*REQUIREMENT*:
Exact copy, no pictures: output each line below as it stands.

*DATA SECTION*:
* * * * *

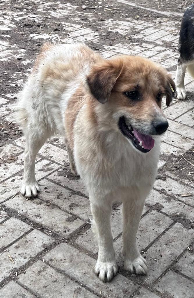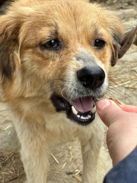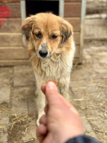 Sehr nette und interessierte Hündin. Obwohl er so eng im VetKennel war, suchte sie den Kontakt zu uns und nahm Leckerchen. In der großen Gruppe zeigte sie sich verträglich. Mit etwas Eingewöhnungszeit kann man sie gut an ein Familienleben mit uns gewöhnen.
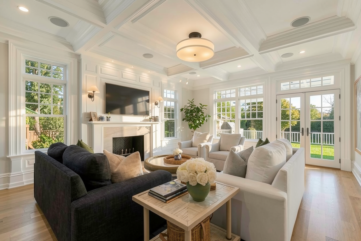 transform the provided sketchup dining room scene into a hand rendered grainy architectural watercolor illustration maintain the original layout proportions and camera angle clean precise black ink linework defining furniture edges cabinetry window frames and architectural details soft watercolor washes layered over the drawing warm walnut wood tones for the dining table and sideboard muted forest green accent wall warm white walls and soft beige upholstered chairs natural light entering from the large glass doors rendered as soft diffused watercolor gradients with gentle shadow washes on the floor subtle texture of watercolor paper visible slight color bleed at edges light fading into white around the perimeter for an airy presentation board aesthetic loose but controlled brushwork transparent layered washes minimal clutter artistic architectural illustration style
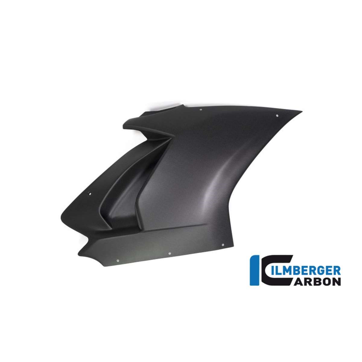 Das rechte Verkleidungsseitenteil ist strömungstechnisch optimiert und verbessert durch die veränderte Luftführung die Kühlung der Motor- und Wassertemperatur signifikant. Der Motor bleibt dadurch deutlich kühler und leistungsfähiger. Das matte Finish der Oberfläche passt hervorragend zu den original verbauten Carbonteilen der Panigale V4 / V4 S Racing.
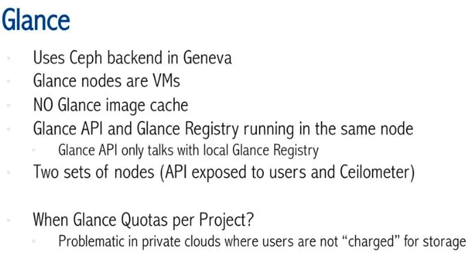 Glance 服务运行在虚机中。之前,Glance registry 可以被别的 Glance API 使用,但是,这导致难于定位问题,因此,现在的 Glance registry 只和本地的 Glance API 通信。但是,Glance 不支持分 Project 设置 Quota,这对他们很重要。

* * * * *

*SOLUTION*:
 Sehr nette und interessierte Hündin. Obwohl er so eng im VetKennel war, suchte sie den Kontakt zu uns und nahm Leckerchen. In der großen Gruppe zeigte sie sich verträglich. Mit etwas Eingewöhnungszeit kann man sie gut an ein Familienleben mit uns gewöhnen.
 transform the provided sketchup dining room scene into a hand rendered grainy architectural watercolor illustration maintain the original layout proportions and camera angle clean precise black ink linework defining furniture edges cabinetry window frames and architectural details soft watercolor washes layered over the drawing warm walnut wood tones for the dining table and sideboard muted forest green accent wall warm white walls and soft beige upholstered chairs natural light entering from the large glass doors rendered as soft diffused watercolor gradients with gentle shadow washes on the floor subtle texture of watercolor paper visible slight color bleed at edges light fading into white around the perimeter for an airy presentation board aesthetic loose but controlled brushwork transparent layered washes minimal clutter artistic architectural illustration style
 Das rechte Verkleidungsseitenteil ist strömungstechnisch optimiert und verbessert durch die veränderte Luftführung die Kühlung der Motor- und Wassertemperatur signifikant. Der Motor bleibt dadurch deutlich kühler und leistungsfähiger. Das matte Finish der Oberfläche passt hervorragend zu den original verbauten Carbonteilen der Panigale V4 / V4 S Racing.
 Glance 服务运行在虚机中。之前,Glance registry 可以被别的 Glance API 使用,但是,这导致难于定位问题,因此,现在的 Glance registry 只和本地的 Glance API 通信。但是,Glance 不支持分 Project 设置 Quota,这对他们很重要。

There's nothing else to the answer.